Figure 1: Overview of the Image2Gcode pipeline from (a) image/sketch input through (b) geometric boundary extraction, (c) DDPM-based denoising sequence generation, to (d) G-code trajectory prediction and (e) physical fabrication.
Methodological Advances
Dataset and Preprocessing
Image2Gcode leverages the Slice-100K dataset, consisting of 100,000 aligned STL-G-code pairs, to frame the learning task at the per-layer slice level. Each slice is preprocessed to extract spatial (X,Y) and extrusion E channels, normalized to [−1,1], and padded or truncated to a fixed length. The G-code parsing ensures consistent coordinate systems and precise synchronization between image-based slice rendering and toolpath trajectory extraction.
Figure 2: Visualization of slice-level training pairs highlighting (X,Y) and normalized E values extracted from toolpaths to capture spatial and material deposition characteristics.
Model Architecture
The framework comprises a frozen DinoV2 transformer-based visual encoder for multi-scale geometric feature extraction and a 1D U-Net DDPM sequence generator. The U-Net incorporates cross-attention blocks for hierarchical fusion between visual context and trajectory sequences across all resolution levels. This architectural choice ensures both global and local geometric dependencies are encoded in the synthesized G-code.

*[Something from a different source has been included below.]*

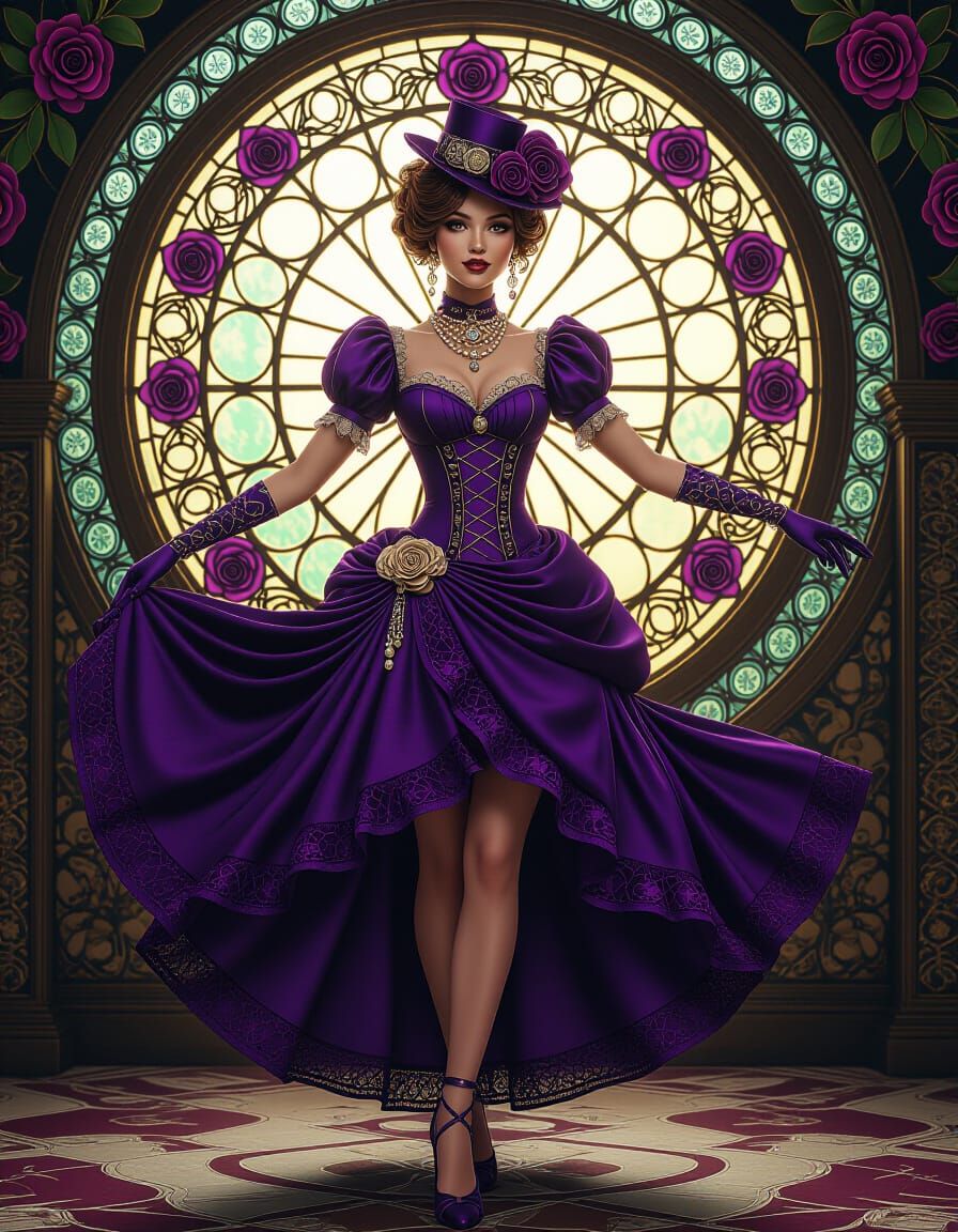 This image showcases a detailed matte painting of a steampunk woman in a purple dress, adorned with roses, lace, and pearls. The artwork features deep colors and intricate detail, presented in 8k resolution.

Figure 3: Schematic of the conditioning network (DinoV2-based) and DDPM denoising network with cross-attention mechanisms for trajectory synthesis.
During inference, trajectories are sampled via iterative denoising from Gaussian noise across 500 steps, yielding discrete (X,Y,E) sequences which are denormalized and converted to printer-agnostic G-code instructions. Feedrate and initialization codes are appended using standard validation checks to generate executable toolpaths.
Experimental Results
Generation Quality
Qualitative evaluation on the held-out Slice-100K validation split demonstrates structural coherence in generated toolpaths, accurate boundary reconstruction, and infill pattern selection that is both compatible with manufacturing constraints and diverse across geometric primitives. Physical part prints exhibit dimensional fidelity, surface quality, and manufacturability without layer delamination or extrusion failures.

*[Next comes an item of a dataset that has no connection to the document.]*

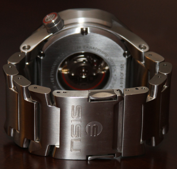 手鐲配有按鈕式展開式表扣,佩戴起來非常舒適。雖然鏈接很大,但有一個半鏈接可以幫助適當(dāng)調(diào)整大小。除了金屬表鏈,SISU 還提供相當(dāng)不錯的橡膠表帶。如果您不能很好地佩戴手鏈,這些方法會有所幫助,并且顯然會使手表更輕。較大的手表通常可以從橡膠表帶中獲益,因?yàn)榛谀Σ恋馁N合有助于表殼移動。

Figure 4: Generated toolpaths and corresponding physical prints validating accuracy and manufacturability across diverse shapes and infill architectures.
Generalization Beyond Training Distribution
Robustness to real-world input is established via testing on photographs and hand-drawn sketches, with preprocessing extracting boundary geometry enabling seamless toolpath generation even under significant domain shifts from synthetic training data. Physical fabrication confirms the manufacturability and fidelity of outputs from a variety of input modalities.
Figure 5: Results demonstrating generalization capability to both real object photographs and hand-drawn sketches, enabling direct concept-to-part workflows.
Diversity in Learned Distributions
The DDPM backbone enables stochastic sampling yielding valid but topologically distinct infill strategies for identical boundary inputs. Comparative visualizations reveal generated distributions that span diagonal hatching, mixed infill, and non-concentric architectures, evidencing learning beyond mere memorization of training exemplars.
Figure 6: Side-by-side comparison of ground truth versus generated infill patterns, with overlap highlighting alternative yet structurally valid approaches.
Travel distance analysis reveals a statistically significant 2.40% reduction in mean travel distance for generated toolpaths relative to heuristic slicer outputs, with high consistency across multiple runs. This points towards emergent path planning efficiency as part of the learned optimization metric.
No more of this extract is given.